Podcast: Play in new window | Download (Duration: 19:10 — 13.2MB)
Write a flashback, in a prologue, with a mirror scene. Yes.
The Sweetness at the Bottom of the Pie, by Alan Bradley
13 thoughts on “Writing Excuses 7.22: Microcasting”
Bleak Seasons by Glenn Cook breaks all your rules about flashbacks and it’s awesome. I think it works in that case because the narrator himself isn’t even sure if it’s a flashback or flash forward. The first time I read it I was completely confused the whole time, but the payoff at the end was so rewarding to make it one of my favorite books of all time.
ben: rule number one of writing is “All rules can be broken, as long as you know what you’re doing.” (Well, except grammar and spelling rules, unless you’re writing an Alkatraz book anyway.)
Prologues are a lot like first chapters in that you should always write one, then you should usually throw it away in favor of weaving the information revealed into more action driven scenes later.
I want my reader to fall off of a bridge on to a speeding boat, rather than embark from a pier and wave goodbye to family and friends as the barge drifts off into the story.
I would have been interested to hear Howards thoughts on flashbacks in comics. Certainly they are very challenging to do with the daily strip format, and in the cases where you do use them is as part of a scene change between a weeks worth of comics; kathryn’s flashback to the distruction of the battleplate comes to mind.
One of my favorite flashback sequences though in any medium though was in Tintin: the secret of the unicorn, (thinking of herge’s comic here rather than the movie) where Captain Haddock is reliving the pirate attack on Sir Francis Haddock and the Unicorn. It makes very clever uses of action to action transitions between the past and present. Again though it is very specific to the medium as itwould be difficult to differentiate between the flashback and present in prose and probably just end up being confusing.
There was a lot of talk about prologues, but little about epilogues. Here’s my take:
Epilogues are great when handled correctly. For the most part, though, they are a let down. This is especially true when they appear to mainly be there to serve the hardcore fans [this is why the ending of the Dark Tower series annoyed me — King tries to have it both ways].
Now, of course, this is a matter of taste. But, in general, I prefer an epilogue that provides a snapshot of the future daily life for the characters as opposed to a summary of where they all end up in their lives.

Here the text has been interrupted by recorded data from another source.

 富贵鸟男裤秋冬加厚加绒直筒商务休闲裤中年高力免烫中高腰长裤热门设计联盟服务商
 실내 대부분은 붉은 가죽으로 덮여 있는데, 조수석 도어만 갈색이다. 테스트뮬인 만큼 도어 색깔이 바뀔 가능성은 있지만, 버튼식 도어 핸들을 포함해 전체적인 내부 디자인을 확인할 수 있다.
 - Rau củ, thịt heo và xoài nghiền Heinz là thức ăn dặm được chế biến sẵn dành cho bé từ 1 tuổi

Put your right finger down, and shake it all around… what the heck, a transcript!
It’s funny that Mr. Sanderson didn’t mention The Wheel of Time prologue from the first book (The Eye of the World). It’s set a few millennia before the series, when ‘The Dragon’ realized he just murdered everyone he loves.
It gives the whole series a very tragic backdrop as we soon discover that the hero is the reincarnation of the Dragon (soon being after 800 pages or so, this being the Wheel of time).

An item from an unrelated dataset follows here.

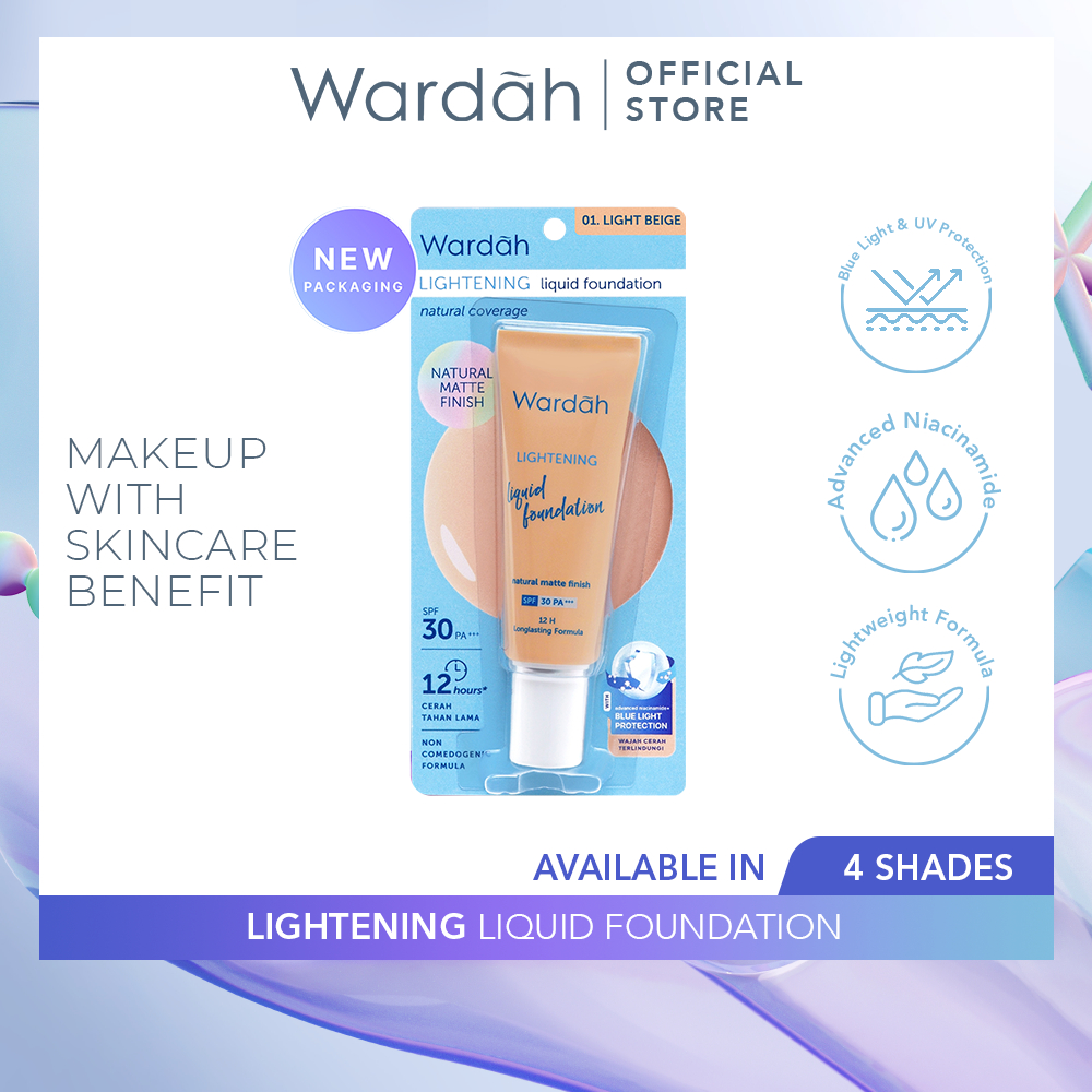 Wardah Lightening Liquid Foundation mencerahkan dan menjadikan kulit wajah lebih halus. Mampu menyerap minyak wajah. Mengandung Moist Plus dengan antioksidan yang membantu melindungi kulit dari paparan berbagai radikal bebas serta Melindungi kulit dari sinar UV A dan UV B.

I don’t know how the story ends (Last book I’ve read is the 7th. Brandon, a hint?), but I think Robert Jordan did a great job with that.

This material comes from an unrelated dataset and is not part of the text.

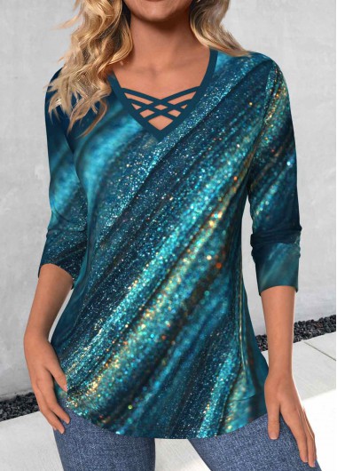 Peacock Blue Criss Cross Ombre Long Sleeve T Shirt

Prologues can be well done, but as I understand it, there’s a bias against them because so many are not.
I might have trotted this story out before, but the worst prologue I ever read… it started out good, I guess. Demons invading an elven city, and the elves struggling to save as many of their people and as much of their cultural artifacts and historical tomes as they can. And they escape on ships. And then the ships get sunk and the elves call for help. Or something.
And the last line reads something like “They changed into something stronger… and weaker as well.”
And the whole book, I’m wondering what on earth that could mean. Then I find out.
I enjoyed this episode and was especially interested in the bit about self-publishing. I found the pro-publisher consensus intriguing since I have heard so much about the declining benefits of the publisher route. It’s nice that you have publishers to pay you and do the production work, but I would have liked to hear more about the downsides for new authors.
I cited this episode in a post on my site: Writing and publishing and madness.
All – great cast.
I wanted to add to the ‘naming things’ question. If anyone out there uses the software Scrivener, there is a name generator within. Here’s how to get there:
1. At the top go to EDIT
2 WRITING TOOLS (at the bottom)
3. NAME GENERATOR.
I’ve been catching up one the backlog, but I think I pulled off the writing prompt.